Top of SOURCE DATA

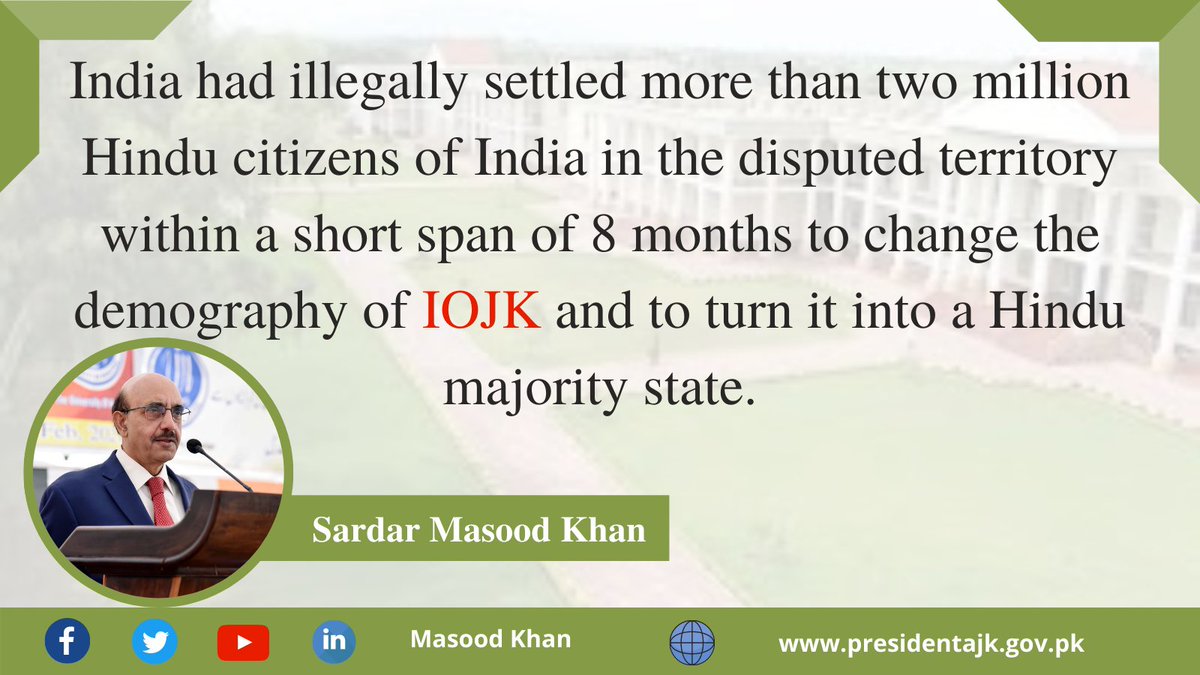 #illegally#settled more than two#million#Hindu citizens of India in the#disputed#territory within a short span of 8 months to change the#demography of#IOJK and to turn it into a Hindu#majority#state. 2/3 pic.twitter.com/yZ0XfKduk5
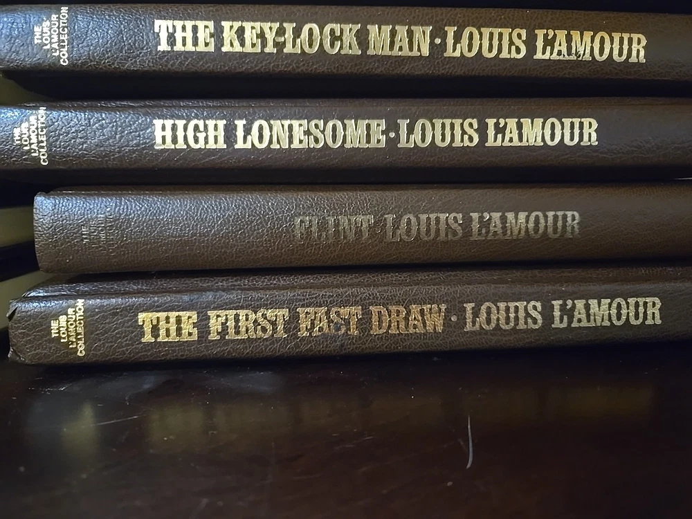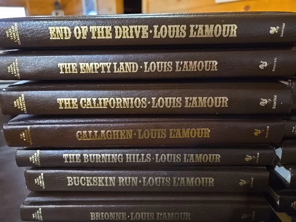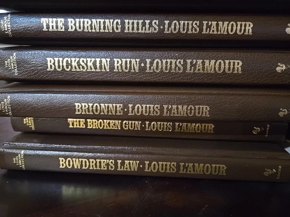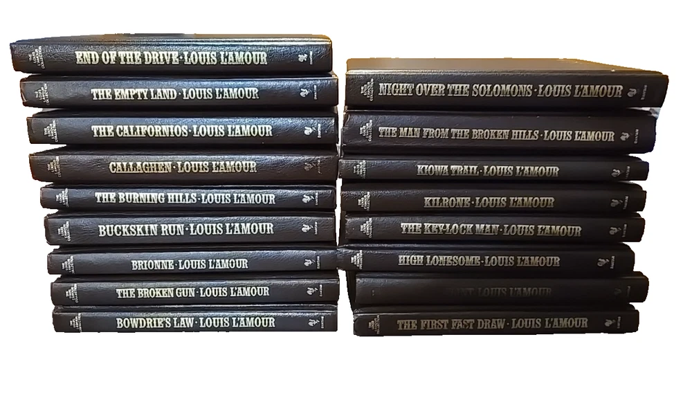 Louis L’Amour Collection 1st Lot of 17 I Have 2 Lots Listed Each Have 17 Books See Store for other Listing Leatherette Books No Duplicates Bantam Included Are: Bowdrie's Law The Broken Gun Brionne Buckskin Run The Burning Hills Callaghen The Californios The Emptyland End of The Drive The First Fast Draw Flint High Lonesome The Key-Lock Man Kilrone Kiowa Trail The Man From The Broken Hills Night Over The Solomons Always check out photos for more info on details I AM NOT A PHOTOGRAPHER! Please check out my other sales. Most items I get came from yard sales, Goodwill/Thrift stores and Auctions. I try to list any flaws I see. I definitely am not perfect. If I miss anything of MAJOR proportions, I will definitely make it right. Please note, all of these items are used unless noted. I like to say · I know a lot about a little · I know a little about a lot · I know Everything about NOTHING!
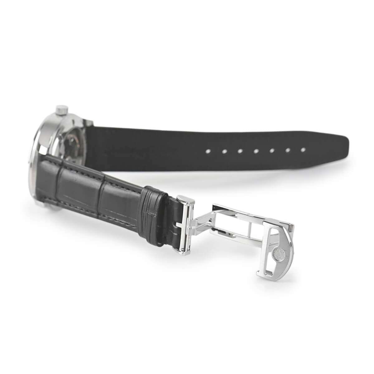 リーフハンドとアプライドインデックスを採用し、シンプルでありながらも機械式時計が持つ美しさが感じられる一本です。
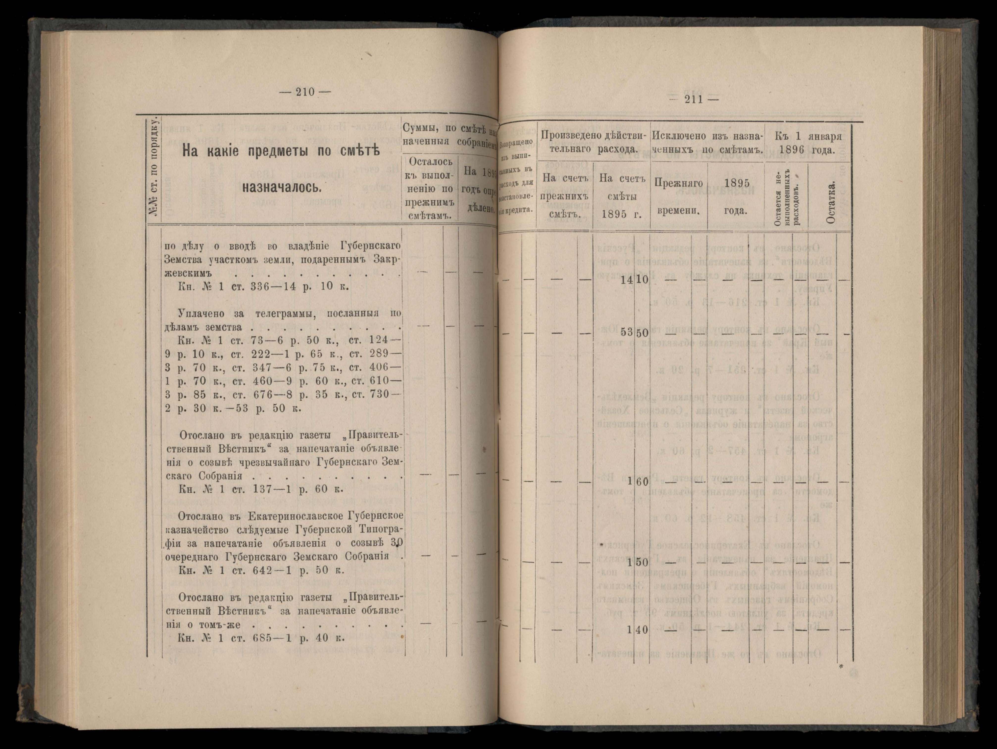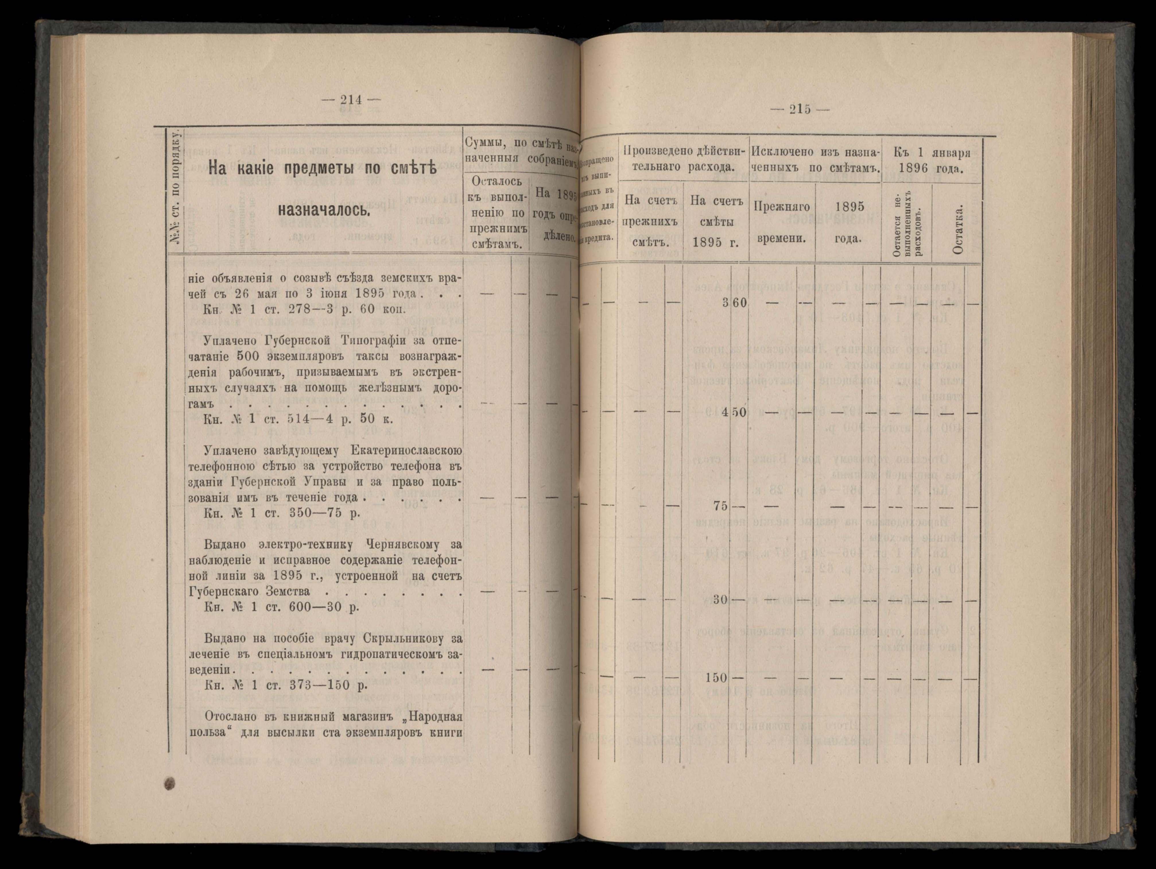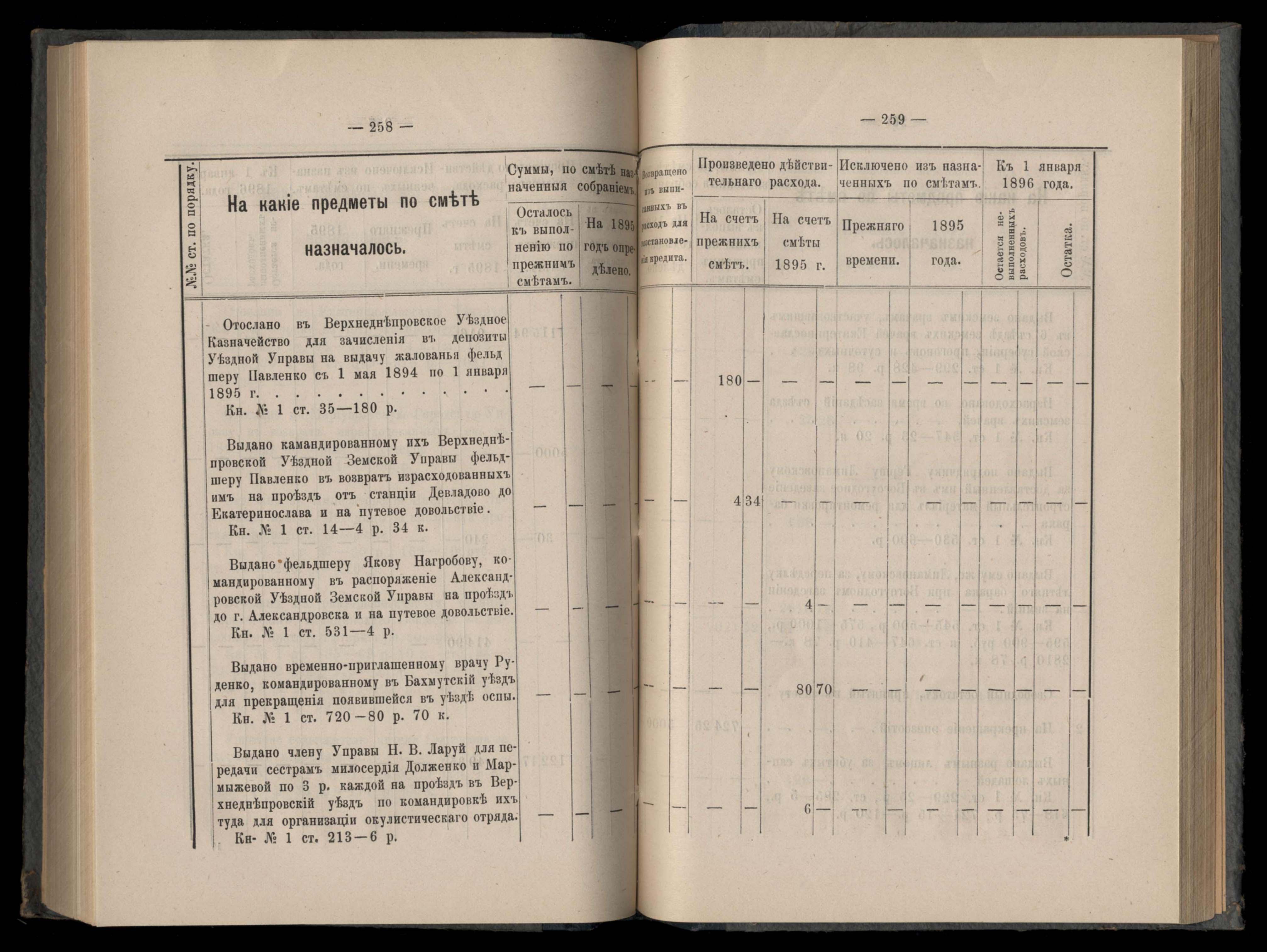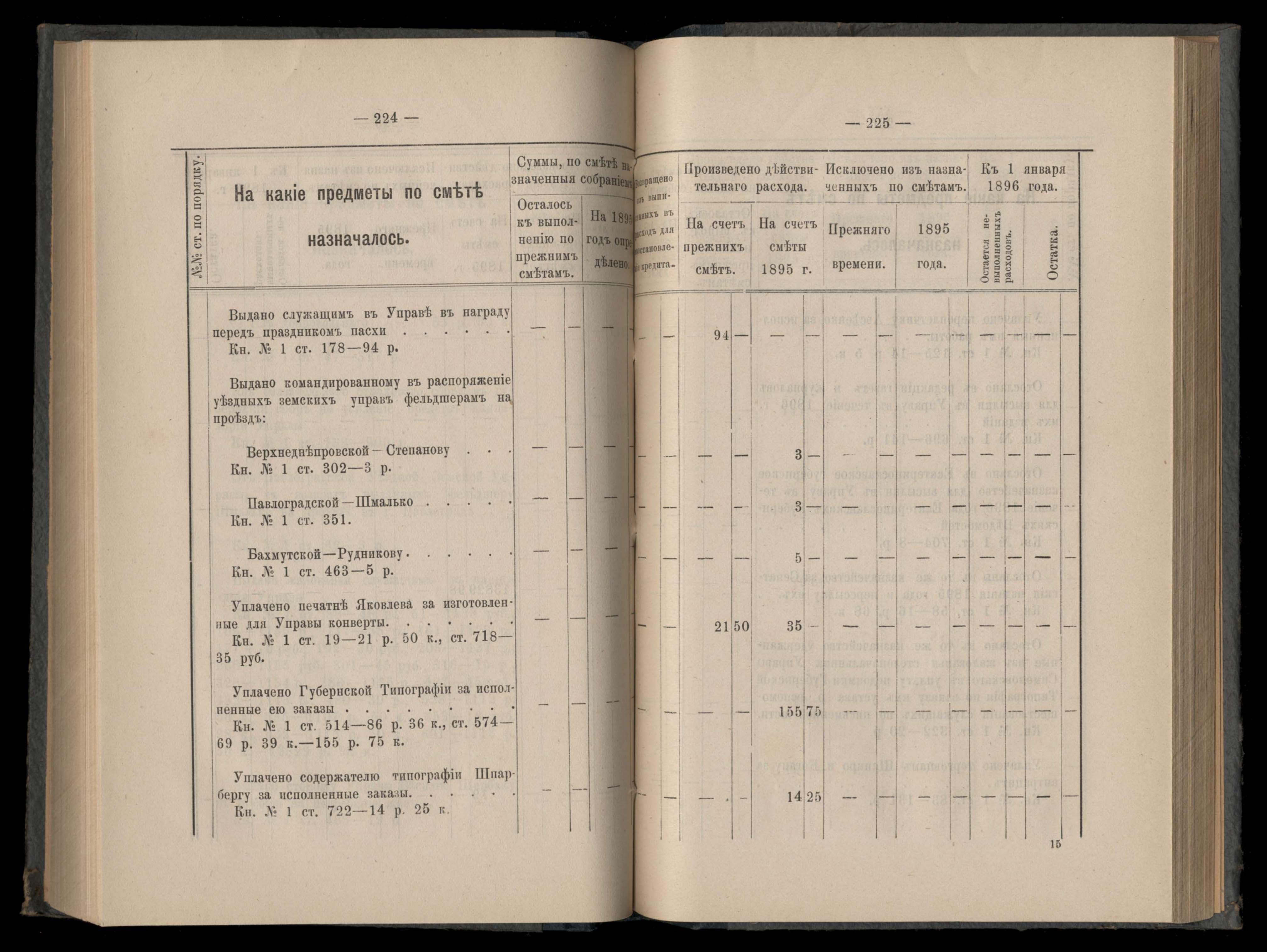 Ведомость Екатеринославской Губернской Земской Управы о Расходахъ суммъ губернскаго земскаго сбора, по постановленіямъ Губернскаго Земскаго Собранія, по журналамъ управы и другимъ случаямъ за 1895 годъ
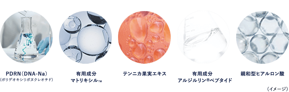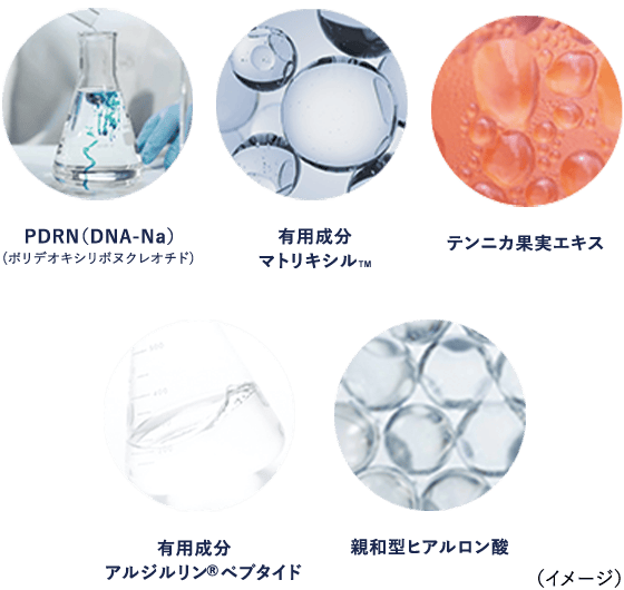 水・BG・グリセリン・エタノール・DPG・水添ポリイソブテン・ジグリセリン・水添レシチン・ステアリン酸水添ヒマシ油・セテアリルアルコール・DNA-Na・アセチルヒアルロン酸Na・アセチルヘキサペプチド-8・グリコシルトレハロース・テンニンカ果実エキス・トコフェロール・パルミトイルペンタペプチド-4・EDTA-2Na・(アクリル酸Na/アクリロイルジメチルタウリンNa)コポリマー・(アクリレーツ/アクリル酸アルキル(C10-30))クロスポリマー・イソステアリン酸・イソヘキサデカン・オクチルドデカノール・オレイン酸ソルビタン・カルボマー・コレステロール・ジメチコン・テトラ(ジ-t-ブチルヒドロキシヒドロケイヒ酸)ペンタエリスリチル・トリエチルヘキサノイン・トリセテアレス-4リン酸・ヘキサ(ヒドロキシステアリン酸/ステアリン酸/ロジン酸)ジペンタエリスリチル・ポリソルベート20・ポリソルベート80・ポリプロピレン・ミネラルオイル・加水分解水添デンプン・水酸化Na・乳酸Na・ソルビン酸K・フェノキシエタノール

Bottom of SOURCE DATA

* **ACTION ITEM**
Pictures excluded, output exactly the line that contains "Ведомость Екатеринославской Губернской" and every line after it to the end of the data above.

* **SOLUTION FOR THIS PROBLEM**
 Ведомость Екатеринославской Губернской Земской Управы о Расходахъ суммъ губернскаго земскаго сбора, по постановленіямъ Губернскаго Земскаго Собранія, по журналамъ управы и другимъ случаямъ за 1895 годъ
 水・BG・グリセリン・エタノール・DPG・水添ポリイソブテン・ジグリセリン・水添レシチン・ステアリン酸水添ヒマシ油・セテアリルアルコール・DNA-Na・アセチルヒアルロン酸Na・アセチルヘキサペプチド-8・グリコシルトレハロース・テンニンカ果実エキス・トコフェロール・パルミトイルペンタペプチド-4・EDTA-2Na・(アクリル酸Na/アクリロイルジメチルタウリンNa)コポリマー・(アクリレーツ/アクリル酸アルキル(C10-30))クロスポリマー・イソステアリン酸・イソヘキサデカン・オクチルドデカノール・オレイン酸ソルビタン・カルボマー・コレステロール・ジメチコン・テトラ(ジ-t-ブチルヒドロキシヒドロケイヒ酸)ペンタエリスリチル・トリエチルヘキサノイン・トリセテアレス-4リン酸・ヘキサ(ヒドロキシステアリン酸/ステアリン酸/ロジン酸)ジペンタエリスリチル・ポリソルベート20・ポリソルベート80・ポリプロピレン・ミネラルオイル・加水分解水添デンプン・水酸化Na・乳酸Na・ソルビン酸K・フェノキシエタノール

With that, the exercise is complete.